## Try it:
Without changing a word, copy every line of the listing below and leave out the images.

## Raw data:
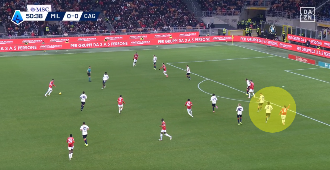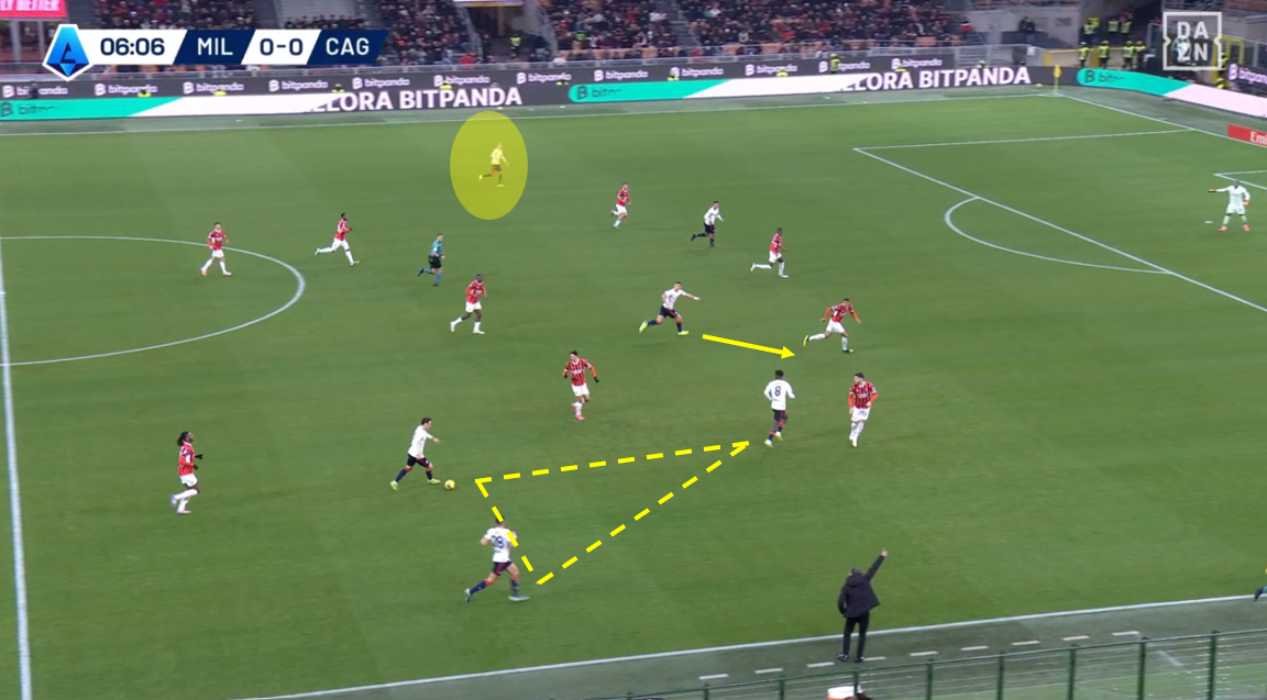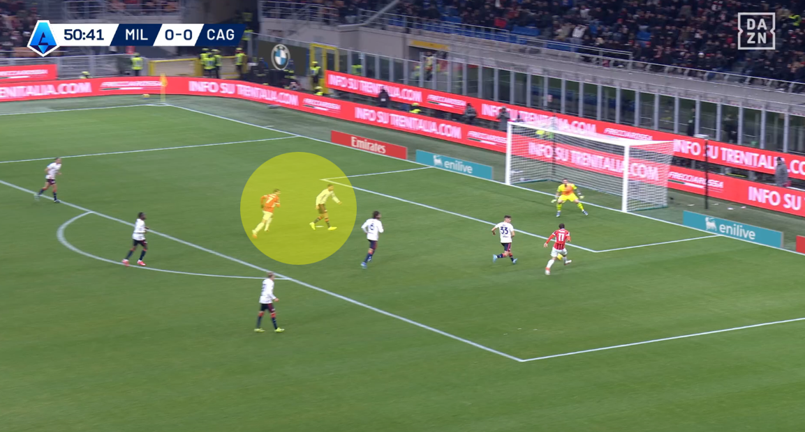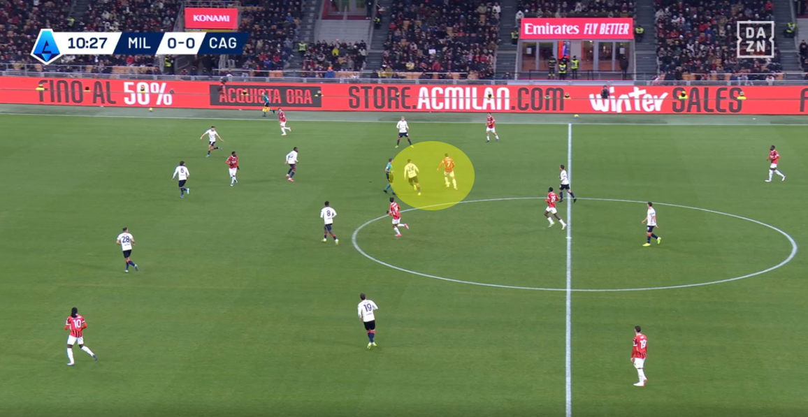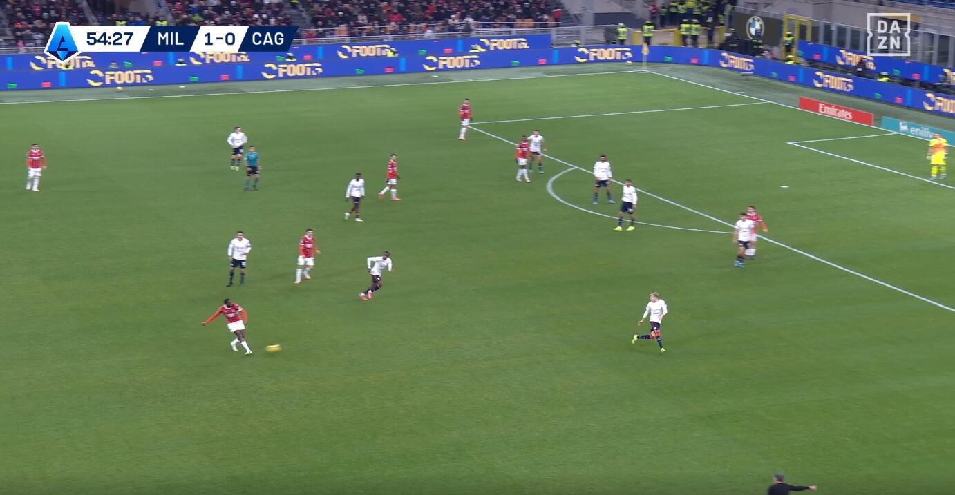 Tutto nasce da un tentativo forzato di Fofana di servire un compagno con un filtrante sul mezzo spazio alle spalle di Felici, con la difesa del Cagliari spostata più a protezione dell’area che a copertura dell’esterno. L’ex Feralpisalò, però, è bravo nel coprire la zona e chiudere la linea verticale, intercettando la palla giocata da Fofana e ripartendo palla al piede in velocità. Il centrocampista rossonero perde tempo reagendo all’errore per poi evitare di compiere fallo forse perché sotto diffida.
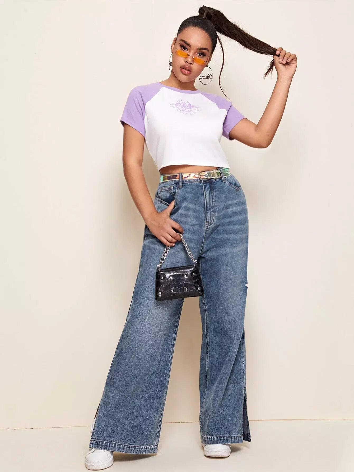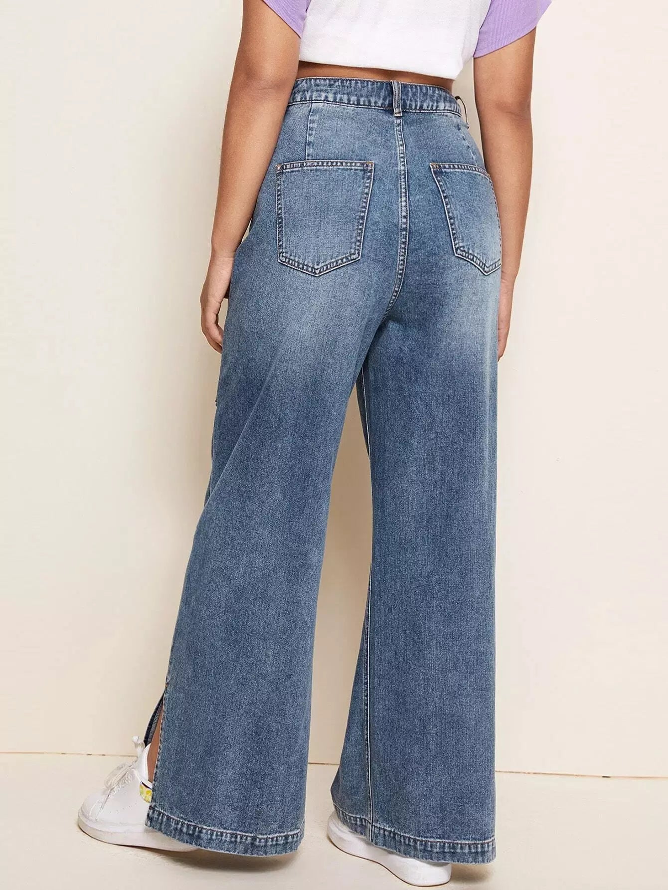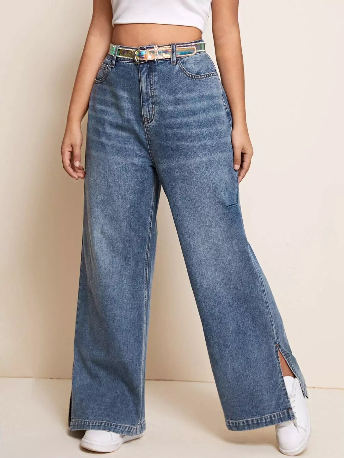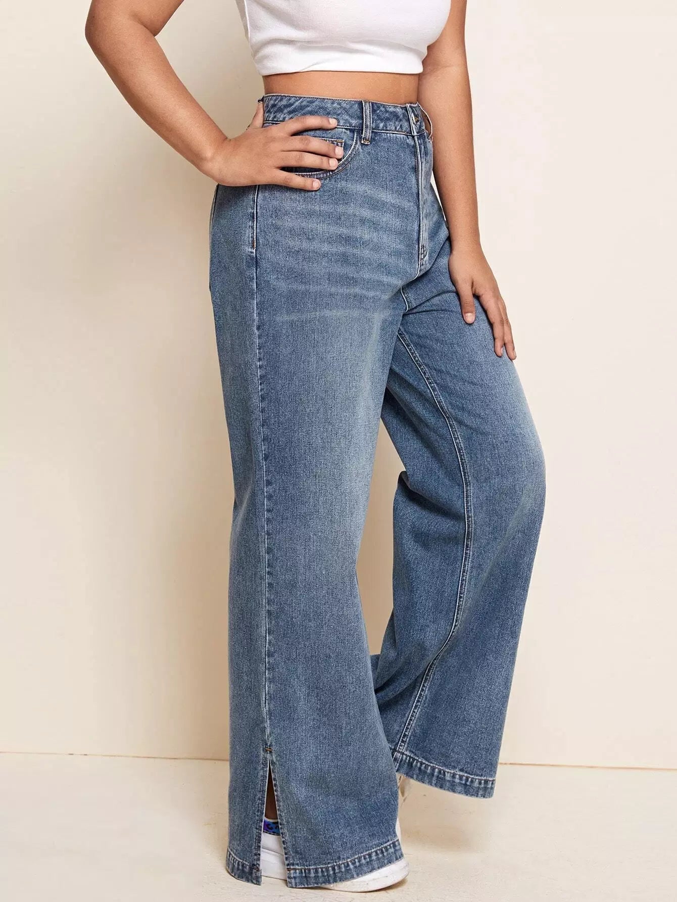 Plus Slant Pocket Split Hem Jeans Without Belt
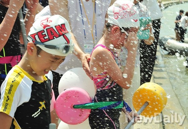 [포토]아이 차가워! 시작 전 시원한 한강물로 몸 적시는 어린이(어린이 한강헤엄쳐건너기)

## Result of the exercise:
 Tutto nasce da un tentativo forzato di Fofana di servire un compagno con un filtrante sul mezzo spazio alle spalle di Felici, con la difesa del Cagliari spostata più a protezione dell’area che a copertura dell’esterno. L’ex Feralpisalò, però, è bravo nel coprire la zona e chiudere la linea verticale, intercettando la palla giocata da Fofana e ripartendo palla al piede in velocità. Il centrocampista rossonero perde tempo reagendo all’errore per poi evitare di compiere fallo forse perché sotto diffida.
 Plus Slant Pocket Split Hem Jeans Without Belt
 [포토]아이 차가워! 시작 전 시원한 한강물로 몸 적시는 어린이(어린이 한강헤엄쳐건너기)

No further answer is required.